Domain	ID	Example Keywords
Molecular Dynamics	`md`	force field, AMBER, GROMACS, RMSD, free energy, simulation
Medicine	`med`	clinical trial, RCT, cohort, hazard ratio, prognosis
AI / ML	`ai`	transformer, deep learning, benchmark, SOTA, training
Bioinformatics	`bio`	RNA-seq, GWAS, genome, differential expression, enrichment
Programming	`prog`	compiler, algorithm, system design, database, runtime

Stage 3: Mode Selection

Mode	Purpose	Output
🔍 Quick Scan	3-min screening: worth reading?	Conversation only
📖 Deep Read	Full structured analysis	Obsidian archive note
💬 Q&A	Interactive paper Q&A	Conversation + optional log
📦 Batch	Process N papers in parallel	Archive notes + summary table

Stage 5: Output & Archive

Archives to ~/obsidian/papers/{domain}/ with structured YAML frontmatter and sections: 基本信息 · 研究问题 · 方法 · 核心结果 · 局限性 · 研究启示 · 引用网络

📊 Case Study: 9-Paper Batch (May 2026)

A real Paper Alert processed end-to-end.

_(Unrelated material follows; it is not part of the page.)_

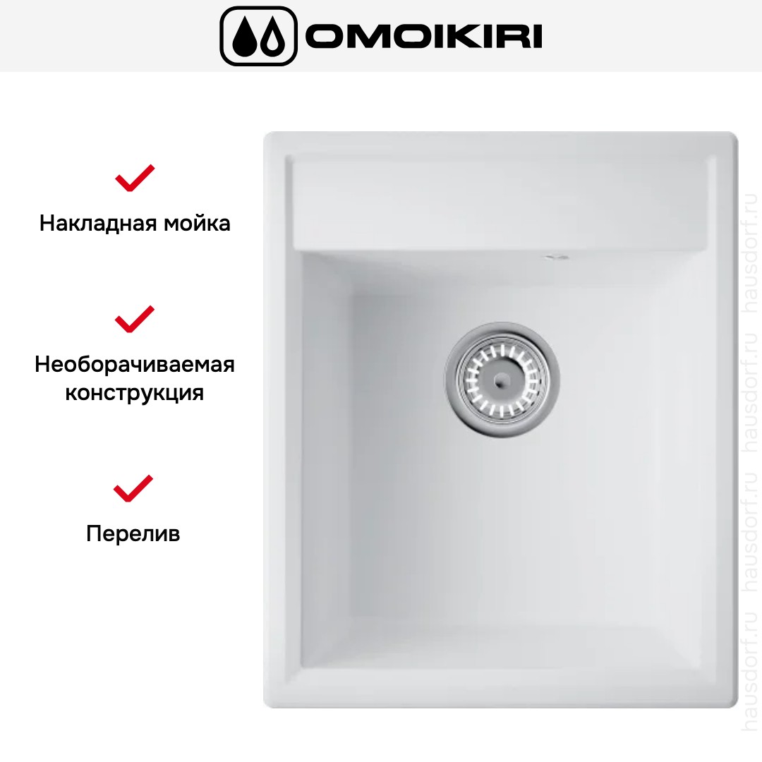 Необорачиваемую мойку можно установить только в одном положении — поэтому при наличии крыла необходимо заранее продумать, как вы хотите ее разместить. Модель имеет одно отверстие для смесителя, может быть разной формы — круглой, квадратной, прямоугольной и нестандартной. Изготавливаются из разных материалов.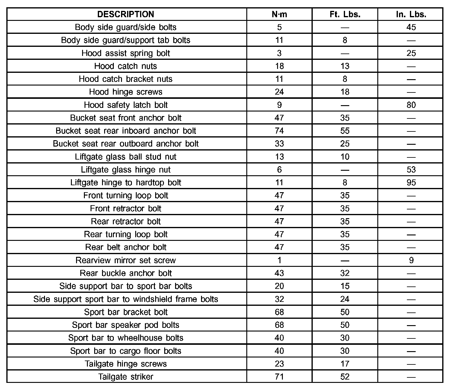 TORQUE SPECIFICATIONS

Honest breakdown.

Acquisition Results

#	Paper	Source	Method	Time	Content Quality
1	Allosteric Switches (Baker)	Nature NBT	MinerU (PDF)	93s	★★★★★ Full text, 494 lines, 36 figures
2	ConforNets (AlQuraishi)	arXiv PDF	MinerU (PDF)	118s	★★★★★ Full text, 646 lines, 75 figures
3	Closing the Loop	ScienceDirect	web_search	~5s	★★☆☆☆ Metadata + abstract only
4	trRosettaRNA2	Nature NMI	web_search	~5s	★★☆☆☆ Metadata + abstract only
5	Target ID in AI Era	Nature NRDD	web_search	~5s	★★★☆☆ Rich metadata (review article)
6	ERAST	Nature NBT	web_search	~5s	★★☆☆☆ Metadata only
7	AlphaFast	bioRxiv	web_search	~5s	★★☆☆☆ Metadata only
8	Flow Matching	Nature NMI	web_search	~5s	★★☆☆☆ Metadata only
9	lightning-boltz	GitHub	README scan	~3s	★★☆☆☆ Repo info only

Total time: ~6 minutes

Post-Hoc: Jina Reader + Scrapling Integration

Paper	Previous	With Jina Reader	Improvement
Allosteric Switches	MinerU 93s	1.0s, 117K chars	93× faster
Target ID (NRDD)	web_search metadata	1.3s, 149K chars	Metadata → full text
ERAST (NBT)	web_search metadata	1.0s, full text	Metadata → full text

Objective Assessment

✅ Worked well: Full-text papers → 100+ line archive notes with quantitative results. 9 papers in 6 min. All domains correctly classified.

⚠️ Suboptimal: Paywalled papers (pre-Jina) → 34-53 line metadata-only notes. MinerU serial bottleneck.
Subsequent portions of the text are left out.